А мы поем эту песню без слов. И не поем мы, а слушаем. Играет на губной гармонике бельгиец Арманд…
«Маленький ты, что ли? Разве ты ребенок, мой бедный Стась? Чего ты плачешь?»
А мальчик плачет. Уткнулся мне в колени окровавленным лицом и плачет…
«Успокойся! Ты еще будешь солдатом. Еще пойдешь навстречу свободе, туда, куда ведет нас эта песня. Не плачь».
А он не слушает меня. Да я, собственно, ничего и не говорю. Я не могу и руки протянуть, чтобы положить ее на голову Стася. Ну что ж, пускай поплачет…
Потом, когда все затихло: и наш разговор без слов, и шуршание соломы, и шум дождя, — в просветах окон высоко над нами начал зарождаться день.
— Владик! А, Владик! Ты спишь?
Слышно, как за окнами проснулись уже воробьи. А он еще не спит, мой Стась.
— Ты развязан, Владик, что ли?
— Спи, Зайчик, спи. Успокойся.
— Так это, значит, не ты… Не ты гладил меня по лицу. Это — он… тот негр…
Опять тишина.
— Владик… когда в другой раз буду удирать, так я скажу тебе непременно. Хорошо? И пойдем вместе. К вам. В Гдыню я потом приду…
— Хорошо, спи.
Тишина. Даже дождь не шумит за стеной. Слышно только, как чирикает беспокойный воробей. Сел, должно быть, на окно. И рад, что ночь и ненастье прошли. Даже думает, верно, что это он победил, потому что, кажется, щебечет именно об этом.
— Владик! А, Владик! А нас… не расстреляют?
«Чудак ты, парень: спрашиваешь, как будто я знаю. Спи».
Я это не сказал, только подумал.
Нас не расстреляли. И не замучили в прославленной лагерной «штрафкомпани́». Мы не сдались. Жаль только, что на целый год позднее удалось вырваться из-за решеток и колючей проволоки. Жаль, что и Стась, как много других ребят, затерялся где-то на извилистых, трудных путях…
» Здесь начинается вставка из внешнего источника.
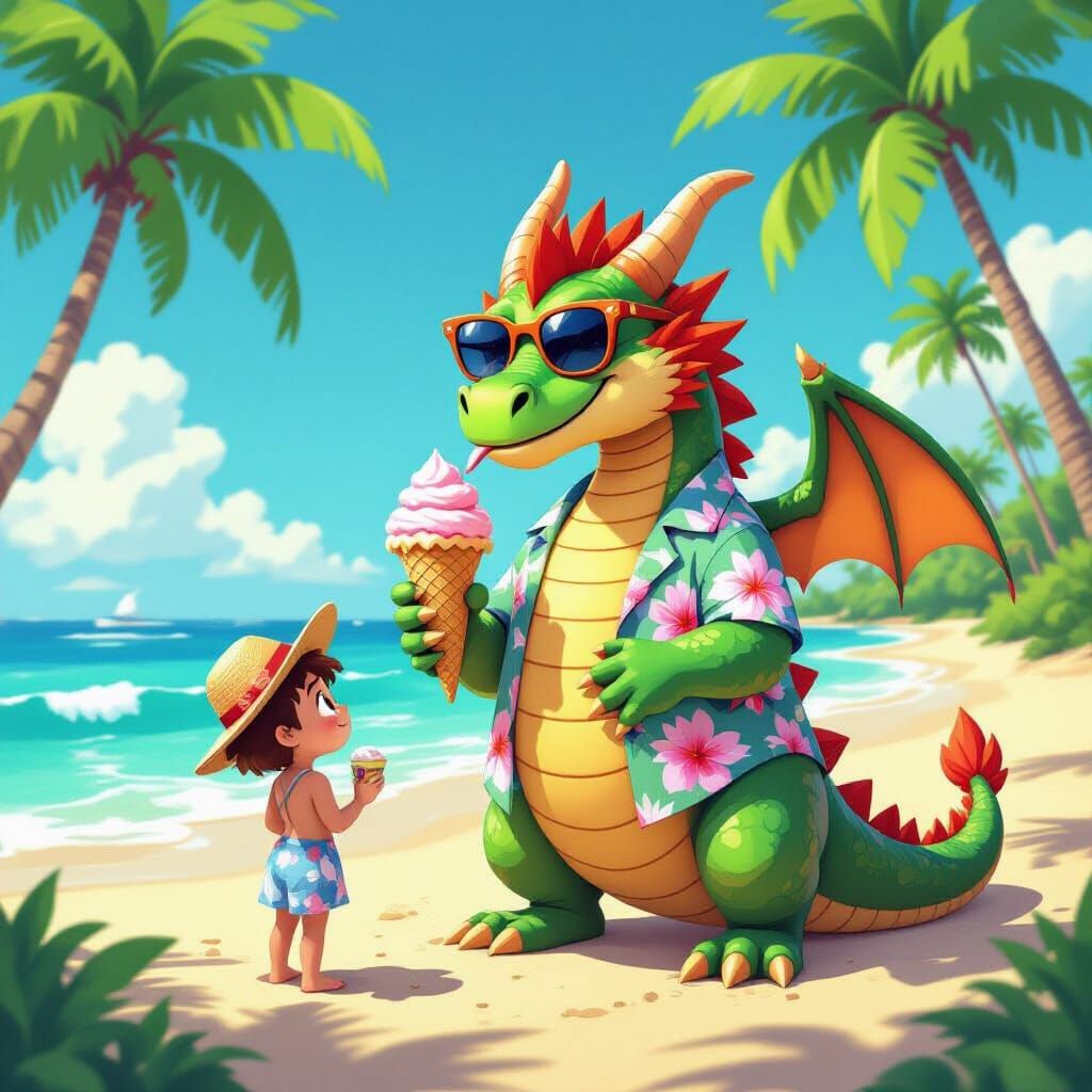 This image shows a colossal dragon in a Hawaiian shirt and sunglasses trying to buy ice cream from a tiny vendor. Rendered in a vibrant cartoon style with bold outlines and cheerful colors.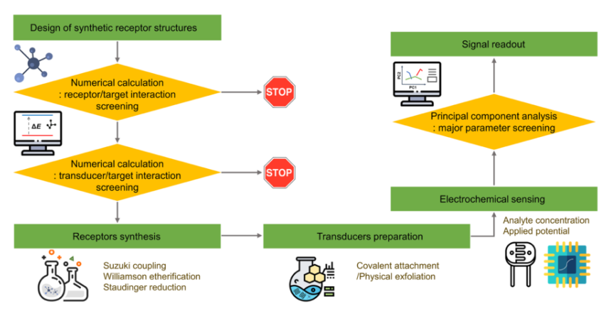 圖1. 用于高選擇性殺菌劑檢測(cè)的新型 CRs 和石墨烯納米傳感器的設(shè)計(jì)、篩選和合成/制備工藝流程。

Где вы, друзья мои — Филец, Совинский, Кубата?.. Солнечный зайчик, где ты сейчас?
Если ты жив, ты давно уже повзрослел, став мужчиной в тот незабываемый вечер.
Через четыре года после того, как мы с тобой разлучились, наш белорусский партизанский отряд разгромил один гитлеровский гарнизон. Среди вражеских трупов я узнал знакомого ефрейтора. Он лежал, распластавшись в грязи. Тогда я вспомнил тебя, Стась, и с партизанского седла сказал ему:
— Что, Лерхе-фон, Лерхе-граф, Лерхе-министр, наелся?
Не удивляйся такому совпадению — я и сам не вполне уверен, что это был именно наш конвойный. Дело, конечно, не в имени его — другой ефрейтор, который замахнулся на целый свет, околел еще более бесславно.
Я верю, что и ты их бил, что и тебе не стыдно сейчас за мирным трудом праздновать победу над мраком фашизма. Теперь и для тебя по-новому поют портовые гудки Гдыни, по-новому шумят родные волны польской Балтики.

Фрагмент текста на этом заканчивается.